## Your assignment
What are the lines below, starting at the line containing "Southern California Vicinity Map" and ending at the line containing "A self-help group"? Write them out exactly, ends included, without pictures.
[Material shown — start]
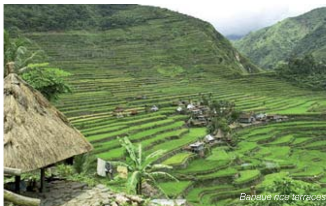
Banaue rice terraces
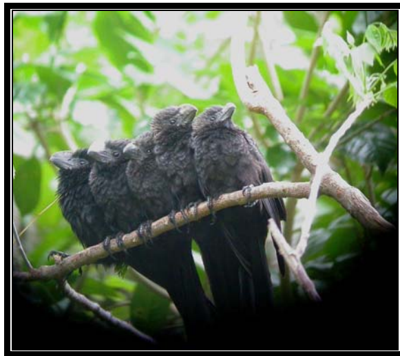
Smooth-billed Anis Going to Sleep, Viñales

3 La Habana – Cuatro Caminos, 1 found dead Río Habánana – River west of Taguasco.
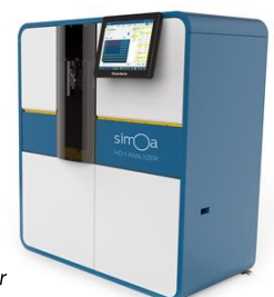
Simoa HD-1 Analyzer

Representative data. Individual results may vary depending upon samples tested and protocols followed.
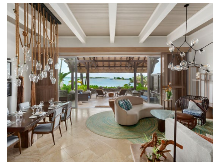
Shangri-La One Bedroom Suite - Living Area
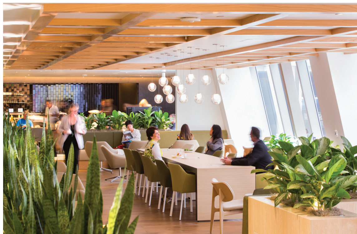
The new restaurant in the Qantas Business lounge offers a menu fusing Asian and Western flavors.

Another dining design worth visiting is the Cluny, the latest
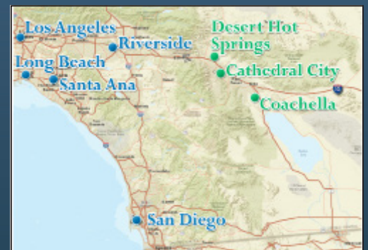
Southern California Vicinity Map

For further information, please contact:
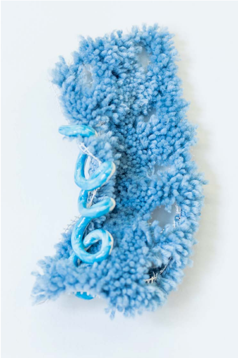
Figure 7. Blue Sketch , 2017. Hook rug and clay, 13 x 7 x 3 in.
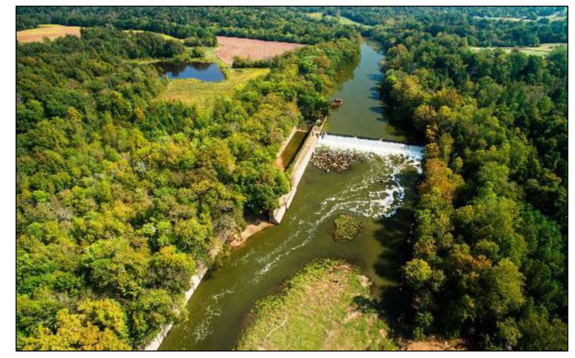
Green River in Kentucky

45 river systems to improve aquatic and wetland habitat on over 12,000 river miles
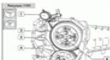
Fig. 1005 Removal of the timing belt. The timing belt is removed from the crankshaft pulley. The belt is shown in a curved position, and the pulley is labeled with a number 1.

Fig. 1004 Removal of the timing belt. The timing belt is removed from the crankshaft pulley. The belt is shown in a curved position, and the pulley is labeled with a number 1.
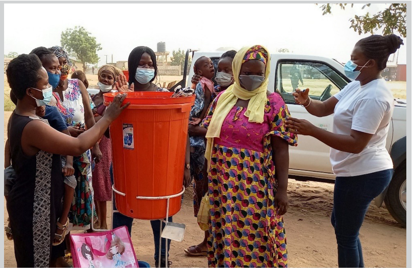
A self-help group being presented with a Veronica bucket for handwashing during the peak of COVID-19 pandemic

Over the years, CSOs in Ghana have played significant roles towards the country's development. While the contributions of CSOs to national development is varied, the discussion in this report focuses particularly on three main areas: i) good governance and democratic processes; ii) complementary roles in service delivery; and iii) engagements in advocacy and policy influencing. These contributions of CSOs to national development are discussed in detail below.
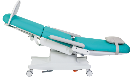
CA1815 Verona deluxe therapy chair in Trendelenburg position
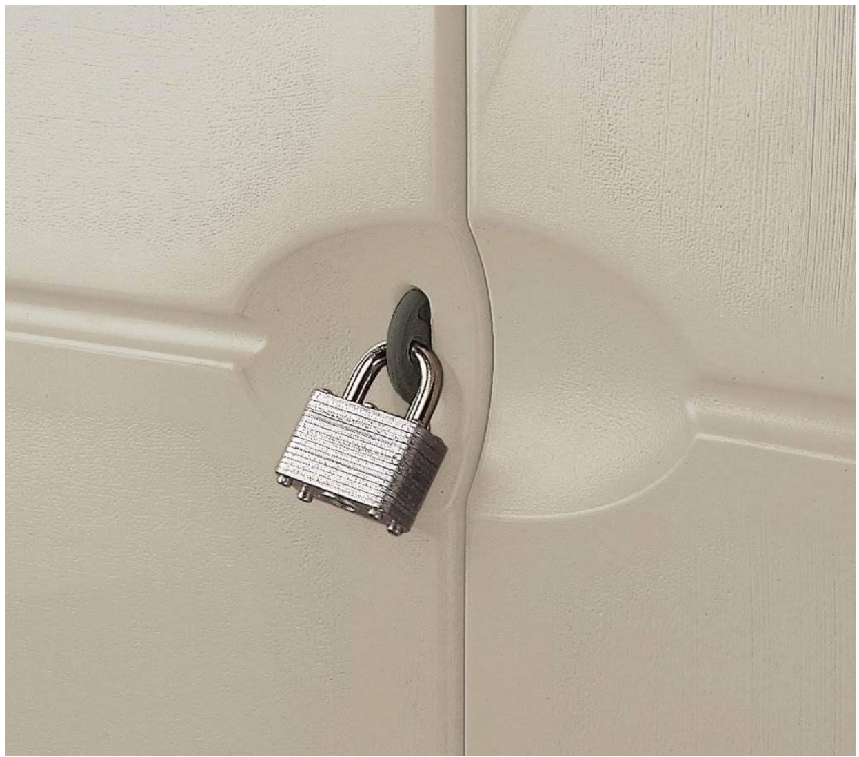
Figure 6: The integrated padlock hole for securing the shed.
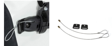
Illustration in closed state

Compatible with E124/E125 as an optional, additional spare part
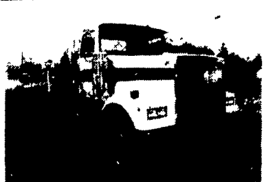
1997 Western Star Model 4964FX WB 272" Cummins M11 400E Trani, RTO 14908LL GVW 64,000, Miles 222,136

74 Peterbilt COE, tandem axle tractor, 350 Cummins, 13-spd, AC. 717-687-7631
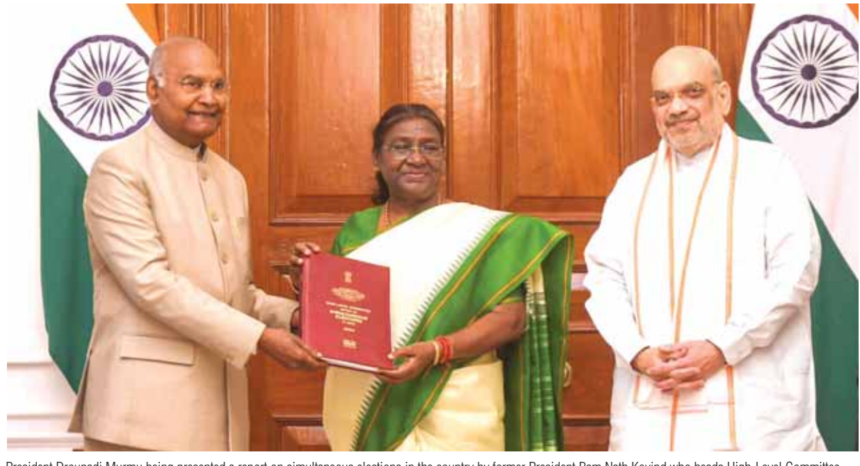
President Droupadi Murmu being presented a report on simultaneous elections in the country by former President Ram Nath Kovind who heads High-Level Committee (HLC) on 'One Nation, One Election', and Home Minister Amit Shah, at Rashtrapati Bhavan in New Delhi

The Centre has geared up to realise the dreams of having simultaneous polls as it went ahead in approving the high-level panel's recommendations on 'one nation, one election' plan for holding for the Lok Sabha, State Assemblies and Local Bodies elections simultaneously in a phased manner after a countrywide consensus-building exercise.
[Material shown — finish]
## Response to the exercise
Southern California Vicinity Map

For further information, please contact:
Figure 7. Blue Sketch , 2017. Hook rug and clay, 13 x 7 x 3 in.
Green River in Kentucky

45 river systems to improve aquatic and wetland habitat on over 12,000 river miles
Fig. 1005 Removal of the timing belt. The timing belt is removed from the crankshaft pulley. The belt is shown in a curved position, and the pulley is labeled with a number 1.

Fig. 1004 Removal of the timing belt. The timing belt is removed from the crankshaft pulley. The belt is shown in a curved position, and the pulley is labeled with a number 1.
A self-help group being presented with a Veronica bucket for handwashing during the peak of COVID-19 pandemic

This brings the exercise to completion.